- _PROBLEM REQUIREMENTS_
Every entry below should be copied exactly, minus the pictures.

- _DATASET ENTRIES_
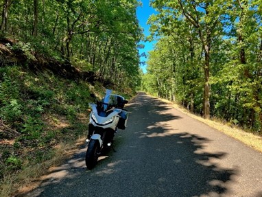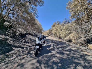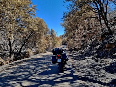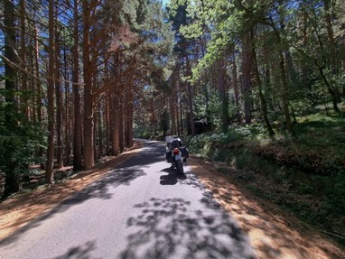 No caminho para o meu destino decidi ir pelo parque Natural de Moncayo. O dia estava quente, eu já tinha o rosto a ficar queimado, porque como não conseguia abrir e fechar o capacete, mantinha-o aberto, por isso achei que andar pelo meio da natureza, entre arvores e sombras, seria fantástico!
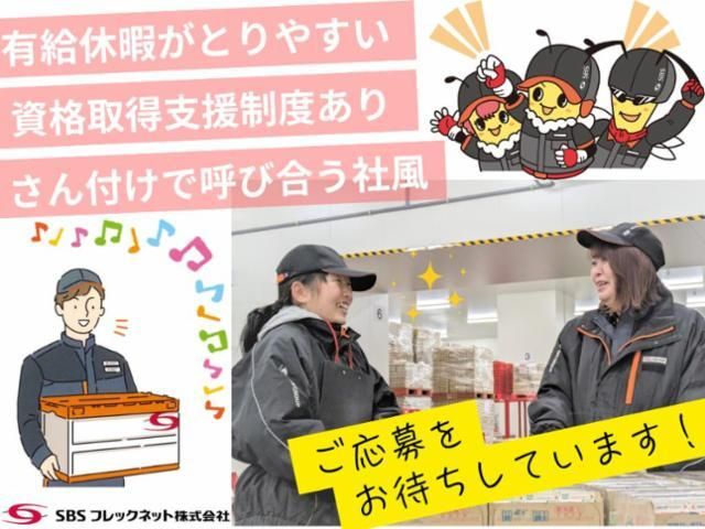 仕事情報 ● 仕事内容 フォークリフトでの大型トラックへの積み込み、乳製品などの仕分け・検品・庫内清掃などもしていただきます。カウンターを使用して、原料入庫~格納作業、原料殻の廃棄搬出作業もお願いします。入社後は扱う商品を覚えてもらいながら、簡単な作業から少しずつ始めていただけます。 防寒着貸与!給与前払OK! 冷蔵庫での作業です。夏は涼しく冬は外気より温かい衛生的で快適な職場環境です。防寒着を貸与いたしますのでご安心ください。また、給与の前払いもOKです。スマホで簡単!支給日前に給与を受け取れます!振込手数料は全額会社負担で、上長承認や理由記載不要。申請後1時間ほどで入金完了いたします。 社員登用&資格取得支援◎ 仕事の流れを覚えていただきながら、フォークリフトで製品を移動する作業も行っていただきます。 先輩社員が丁寧に指導しますので、安心して覚えていただけます。正社員登用実績多数!資格取得補助制度もあり、あたなの頑張りを全力で応援します!当社で試験費用や講座受講費用を負担いたします。 スタッフの健康をサポート グループの健康保険組合では、常備薬の割引や、24時間健康相談、インフルエンザワクチンの接種の補助など健康を保つためのサービスが目白押し。セカンドオピニオン・医師紹介サービスもしていますので、健康に不安があった際には活用ください。健康的に長く安定して働くことができる職場です。 SBSフレックネットとは SBSフレックネットがお届けするのは、お客さまの生活に欠かせない食品。会社の強みである輸配送全国ネットと、低温管理ノウハウは、お客さまの安心安全な「食の当たり前」を支えます。3温度帯に対応できる会社として、業界トップクラスの品質と実績を持つSBSフレックネットで誇りをもってお仕事しませんか?
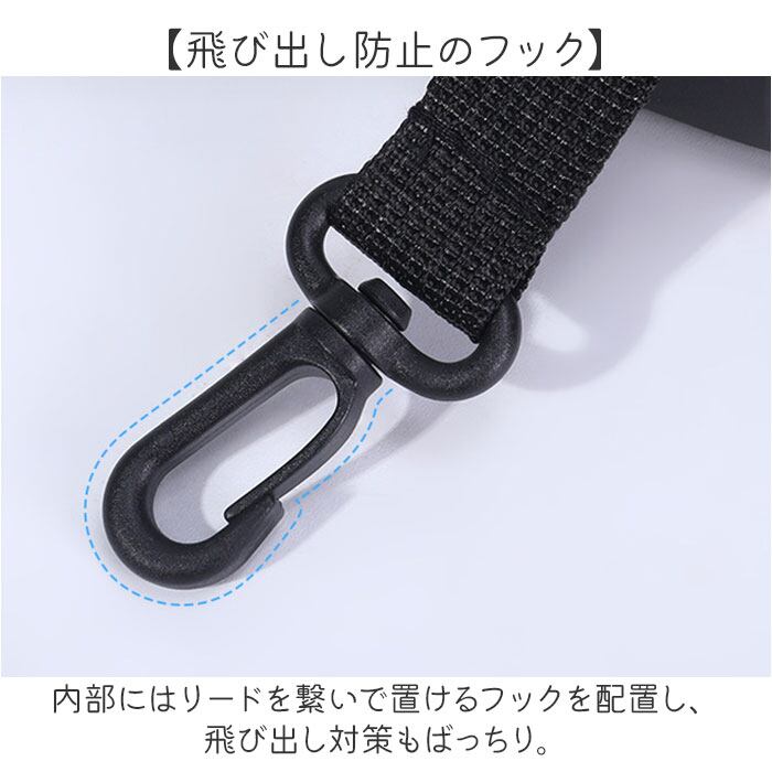 ・内部にはリードを繋いで置けるフックを配置し、飛び出し対策もばっちり。
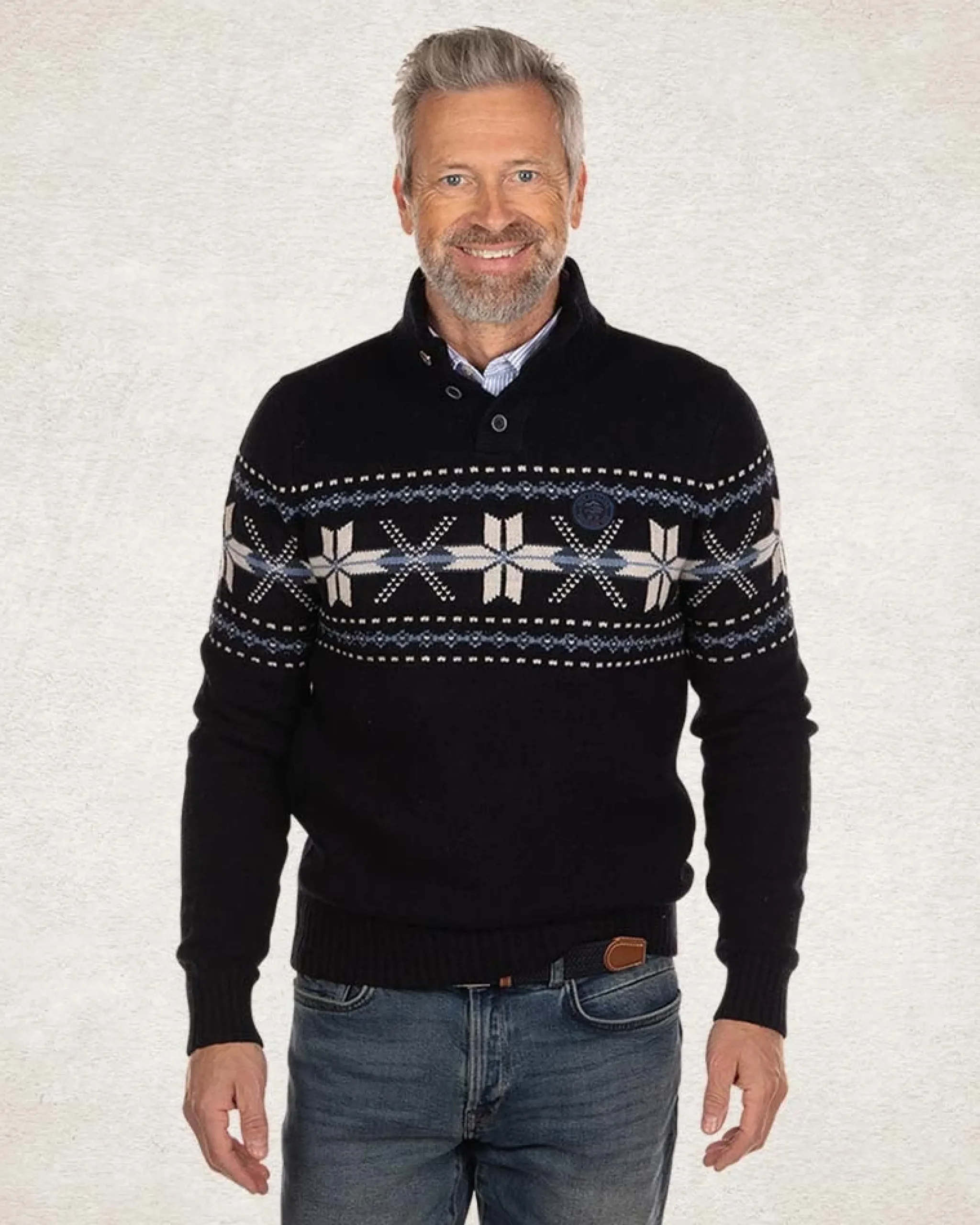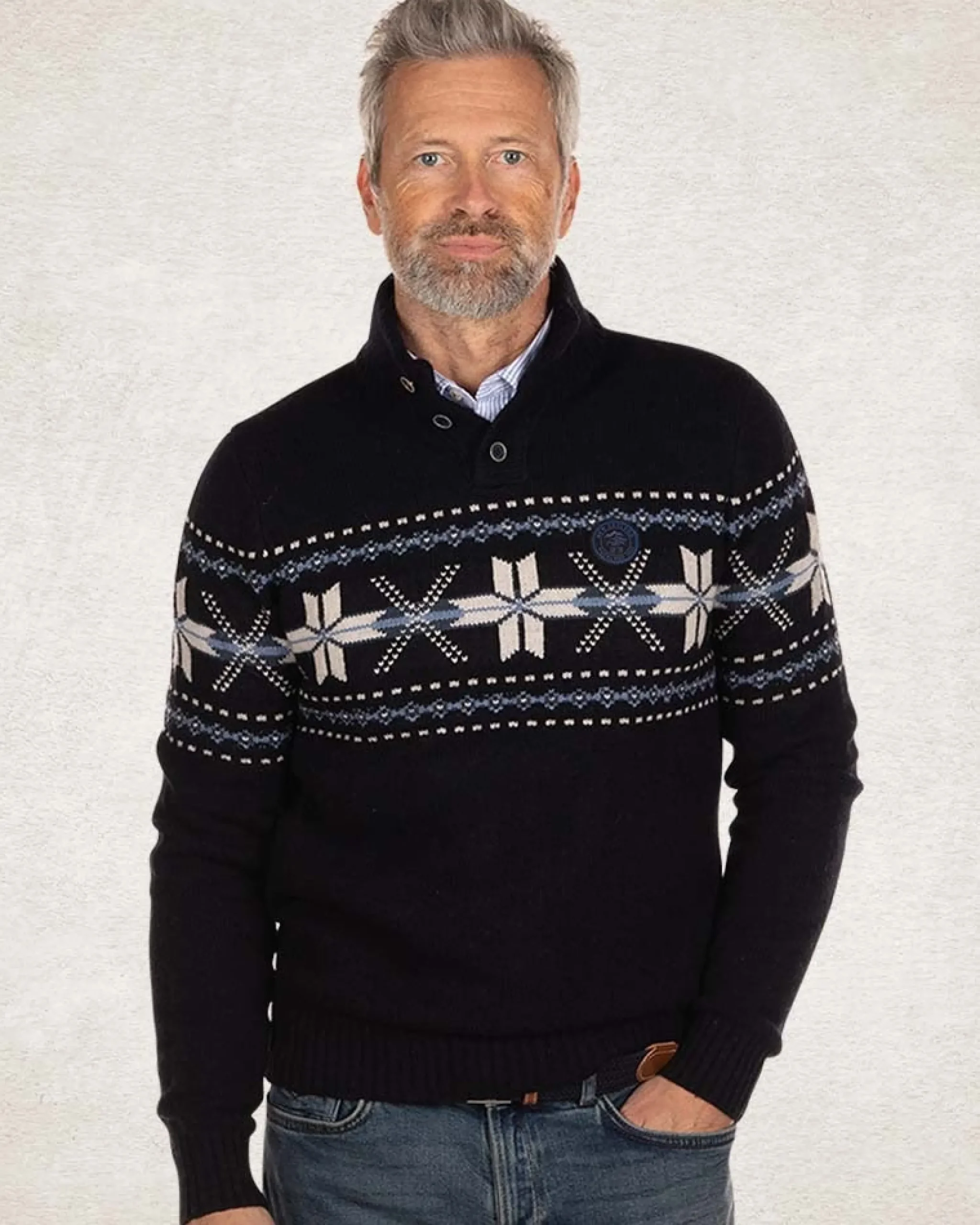 Gebreide trui met halve knoopssluiting – Pitch Navy
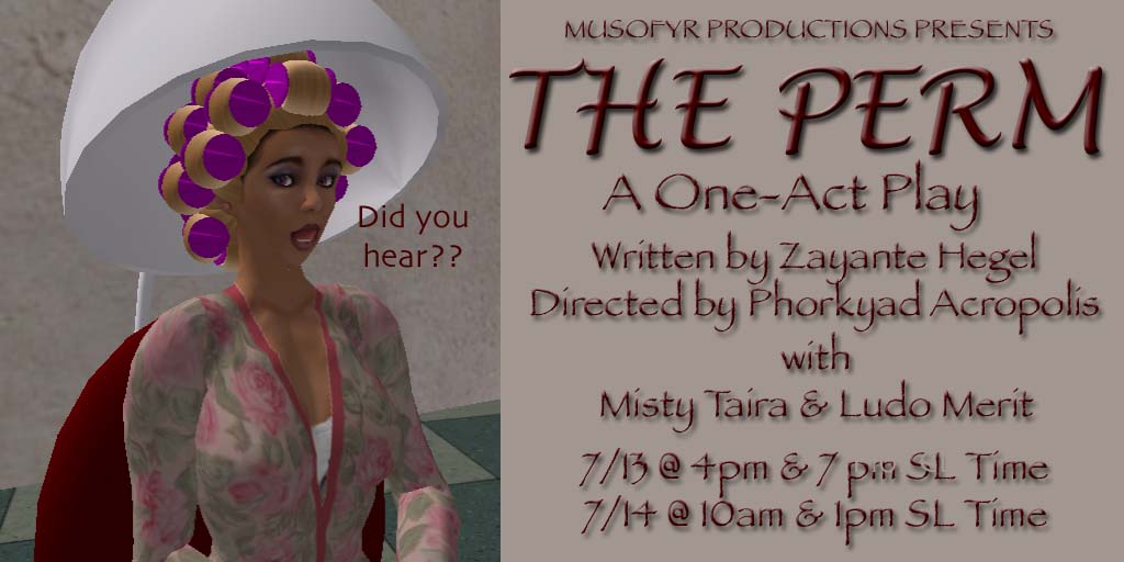 Somewhere along the way, I turned my attention to staging plays. First was avatar Zayante Hegel’s The Perm, set in a hair salon. I would later direct a production of her Orphan Train poems. (We did this in SL and also in SL and RL at the Second Life Community Convention in San Francisco. I have video!)
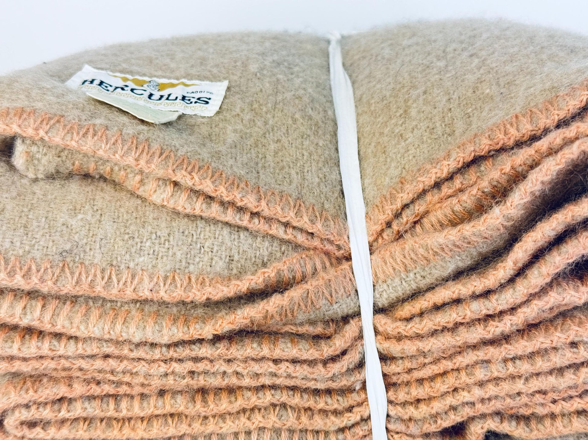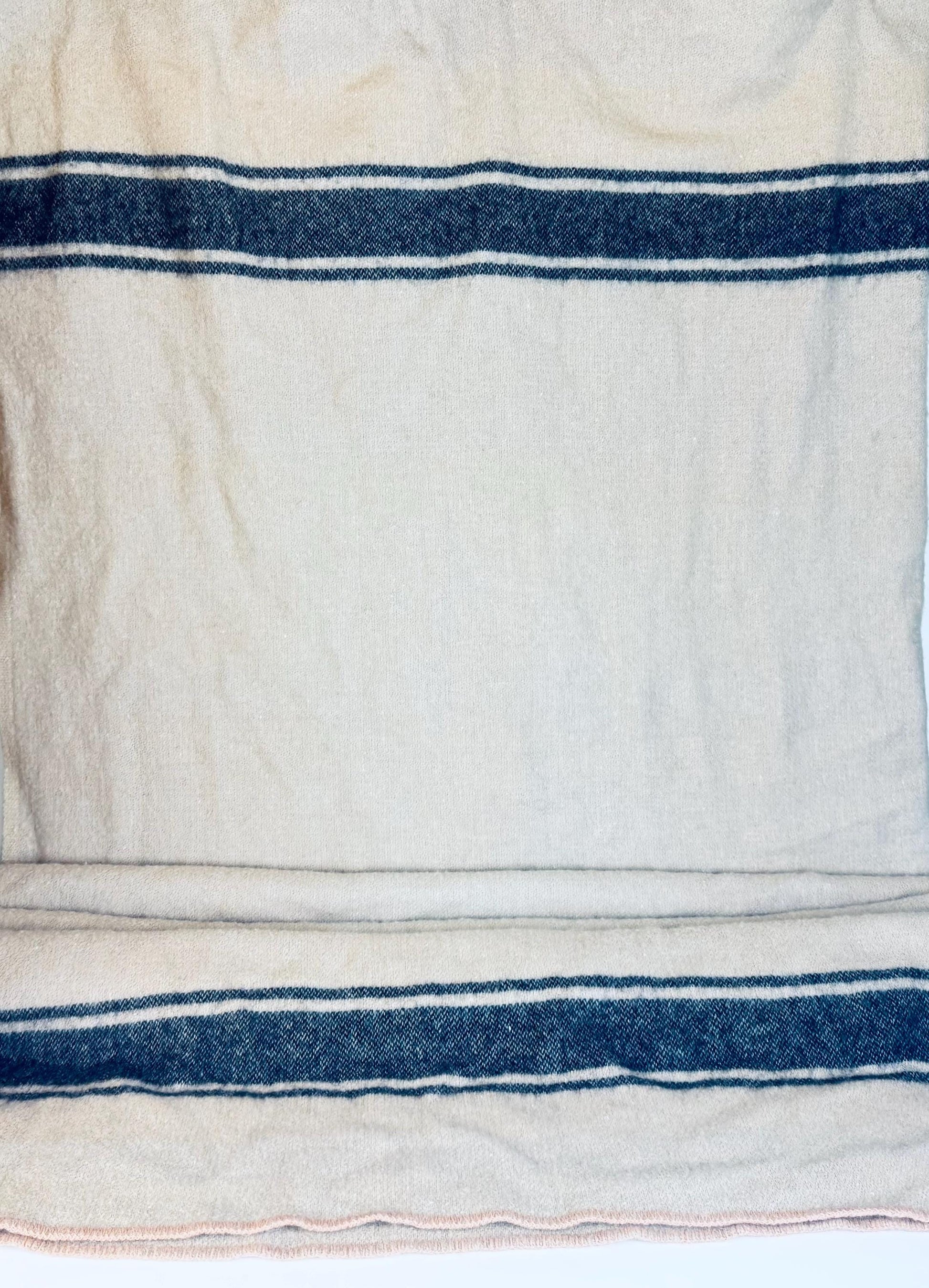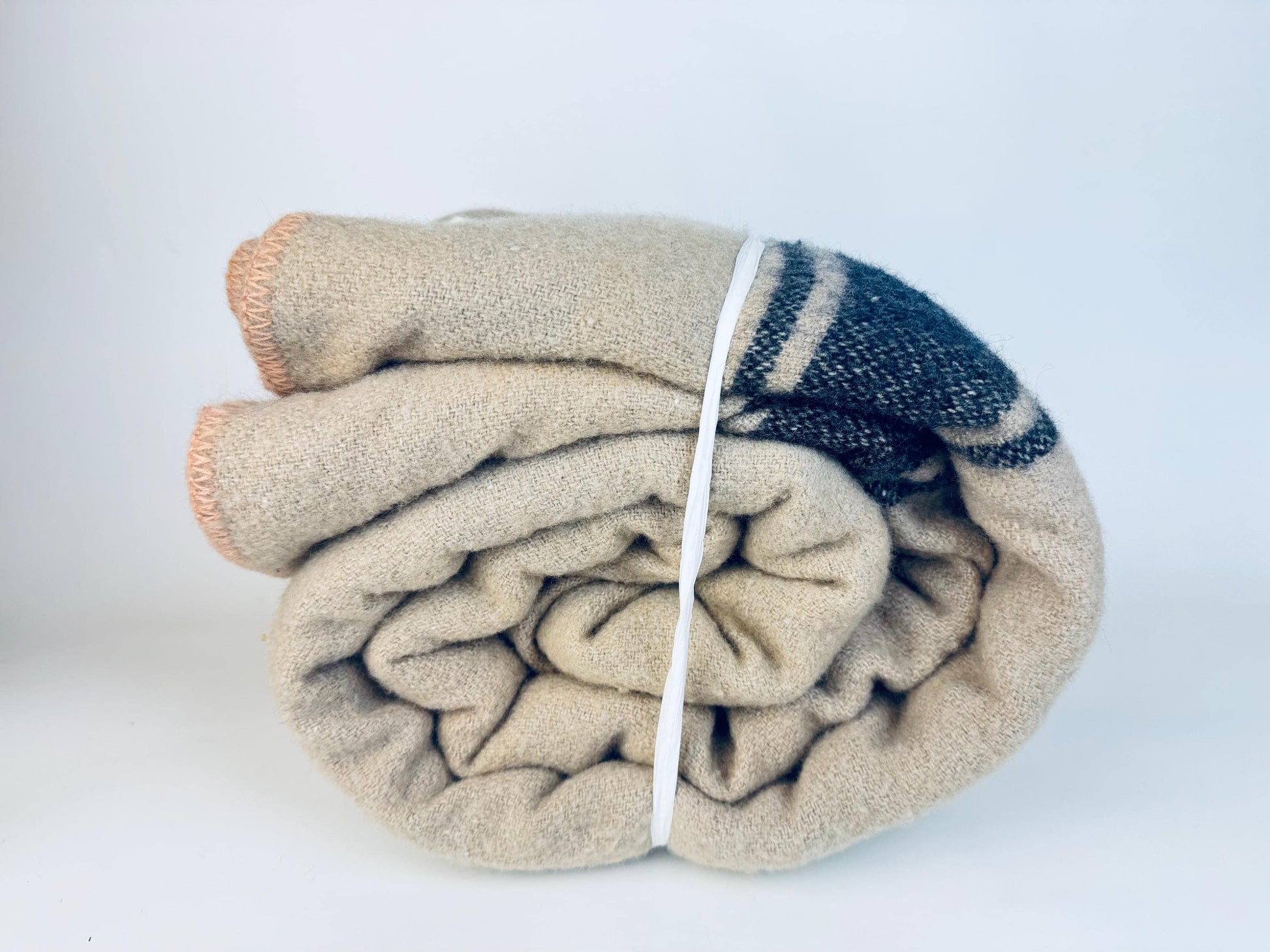 Vintage 1950s Beige Wool-Blend Hercules Camp Blanket with Indigo Stripe - 78×87

- _TASK RESULT_
 No caminho para o meu destino decidi ir pelo parque Natural de Moncayo. O dia estava quente, eu já tinha o rosto a ficar queimado, porque como não conseguia abrir e fechar o capacete, mantinha-o aberto, por isso achei que andar pelo meio da natureza, entre arvores e sombras, seria fantástico!
 仕事情報 ● 仕事内容 フォークリフトでの大型トラックへの積み込み、乳製品などの仕分け・検品・庫内清掃などもしていただきます。カウンターを使用して、原料入庫~格納作業、原料殻の廃棄搬出作業もお願いします。入社後は扱う商品を覚えてもらいながら、簡単な作業から少しずつ始めていただけます。 防寒着貸与!給与前払OK! 冷蔵庫での作業です。夏は涼しく冬は外気より温かい衛生的で快適な職場環境です。防寒着を貸与いたしますのでご安心ください。また、給与の前払いもOKです。スマホで簡単!支給日前に給与を受け取れます!振込手数料は全額会社負担で、上長承認や理由記載不要。申請後1時間ほどで入金完了いたします。 社員登用&資格取得支援◎ 仕事の流れを覚えていただきながら、フォークリフトで製品を移動する作業も行っていただきます。 先輩社員が丁寧に指導しますので、安心して覚えていただけます。正社員登用実績多数!資格取得補助制度もあり、あたなの頑張りを全力で応援します!当社で試験費用や講座受講費用を負担いたします。 スタッフの健康をサポート グループの健康保険組合では、常備薬の割引や、24時間健康相談、インフルエンザワクチンの接種の補助など健康を保つためのサービスが目白押し。セカンドオピニオン・医師紹介サービスもしていますので、健康に不安があった際には活用ください。健康的に長く安定して働くことができる職場です。 SBSフレックネットとは SBSフレックネットがお届けするのは、お客さまの生活に欠かせない食品。会社の強みである輸配送全国ネットと、低温管理ノウハウは、お客さまの安心安全な「食の当たり前」を支えます。3温度帯に対応できる会社として、業界トップクラスの品質と実績を持つSBSフレックネットで誇りをもってお仕事しませんか?
 ・内部にはリードを繋いで置けるフックを配置し、飛び出し対策もばっちり。
 Gebreide trui met halve knoopssluiting – Pitch Navy
 Somewhere along the way, I turned my attention to staging plays. First was avatar Zayante Hegel’s The Perm, set in a hair salon. I would later direct a production of her Orphan Train poems. (We did this in SL and also in SL and RL at the Second Life Community Convention in San Francisco. I have video!)
 Vintage 1950s Beige Wool-Blend Hercules Camp Blanket with Indigo Stripe - 78×87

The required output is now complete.